Colonel Khalrov, the defense attorney, regained his composure. "Your Honors, it appears that my client is quite shocked. I move for a recess until he can recover his composure and defend himself. Further, I object to the way the Republic's counsel is behaving. He is clearly attempting to lead the defendant."

General al-Khuwali nodded. "Motion for a recess is denied. Republic's counsel will refrain from disparaging references to Amestria, leading the defendant, and ridiculing the defense." He turned to the Justice Minister. "Do you have any further questions for General Levitt?"

Lamont shook his head. "No. The prosecution would like to call Brigadier General Igor Kaselev, Kahanistan Military Intelligence."

A tall man, (as in 192 cm [6'3"] and 91 kg [200 lbs.]) in a solid black uniform with some medals and ribbons strode into the witness stand as General Levitt left. He was in his mid-30's and somewhat cold and humorless in his appearance, a stark contrast to the petite woman before him, who looked more energetic and fun-loving. When asked by the Justice Minister to identify himself, he replied, "My name is Igor Vladimirovich Kaselev. I am a Brigadier General in the Republic Guard and a member of Kahanistanian Military Intelligence."

"General Kaselev, as part of your training, would you be able to determine if a sample of writing is fake?"

"Usually, although my specialty is in foreign languages. I was trained for six months as a handwriting analyst before being reassigned to linguistics."

"General, can you tell us if General Kalazanov's signature on these documents is a fake or genuine?" The Justice Minister handed Kaselev the documents and a known sample of the commander's handwriting for comparison.

Kaselev looked them over for about five minutes. "I would have to say the signature is probably real. In fact, I am almost certain of it."

"No further questions, General Kaselev."
19-09-2006, 01:04
The defense had not given up yet. Things were not looking good, but they weren't going down without a fight.

"General Levitt is an unstable personality," said Khalrov. "She is prone to eccentric, unpredictable behavior, openly expressing contempt for court tribunals, antagonizing foreign diplomats, confrontational approaches to conflict, and seems to think that the way to get what she wants is by blowing the other guy away.

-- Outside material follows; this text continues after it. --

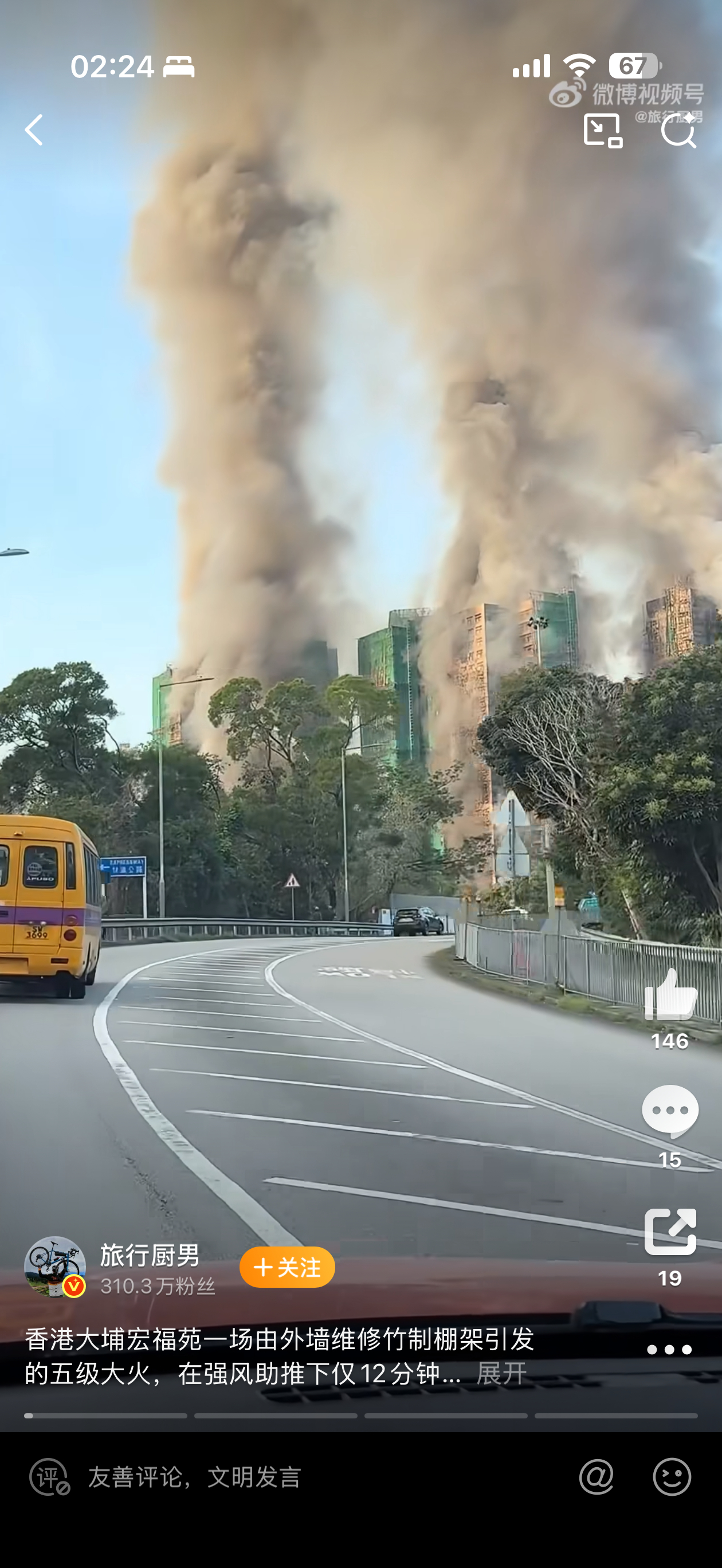 香港火灾直接诱因闭路电视拍到维修工人将未熄灭烟头丢弃在外墙绿化带,引燃竹制棚架及尼龙防风网。据说居民此前多次投诉工地吸烟问题未获整改。

She more likely planted the papers to advance her own career and rebuild her shattered reputation."

"Ladies, gentlemen, and assorted transsexuals, hermaphrodites, and genderqueers of the jury, will you believe this sleazy, lunatic bimbo, or will you believe the words of a man who has served his country honorably for decades?"

"Objection, the defense is making an ad hominem attack on the witness."

"Sustained. Colonel, refrain from personal attacks on witnesses."

"Withdrawn. But it must be pointed out that this woman has next to no credibility, and would certainly have motive to frame the defendant."

"I'll allow that."

"Thank you, Your Honor. Now, General," the defense attorney said to his client, "where do you think that this most inflammatory and certainly fake document came from?"

Kalazanov broke down, lost his composure, and openly wept. "I... I gave the order. It was to protect the Torontian people. If we had gone forward, like General Levitt, and General Kantari, and the others... wanted, then the disunity would have ended our neutrality, we would have been forced to openly aid St. Fedski, and it would destabilize everything we worked for, everything the AOA worked for..." He could not finish in his emotional state...

Lamont grinned sadistically. "So, you sold out the reputation of your country, and 307 Torontian lives, and the lives of the soldiers killed in the whistleblowing by Captain Foster, for the interests of the State of Amestria, knowing that it was a terrorist, criminal entity in Torontia? You sold your soul to the Amestrians for a fragile peace that, when the lie was exposed, killed hundreds of thousands when the people exploded in anger, raping and killing every Amestrian they could get their hands on in an unparalleled display of barbarism? People of the jury, I submit that this coward, mass murderer, and AOA puppet is responsible for the deaths of every single riot victim, as much as General al-Ghazi is."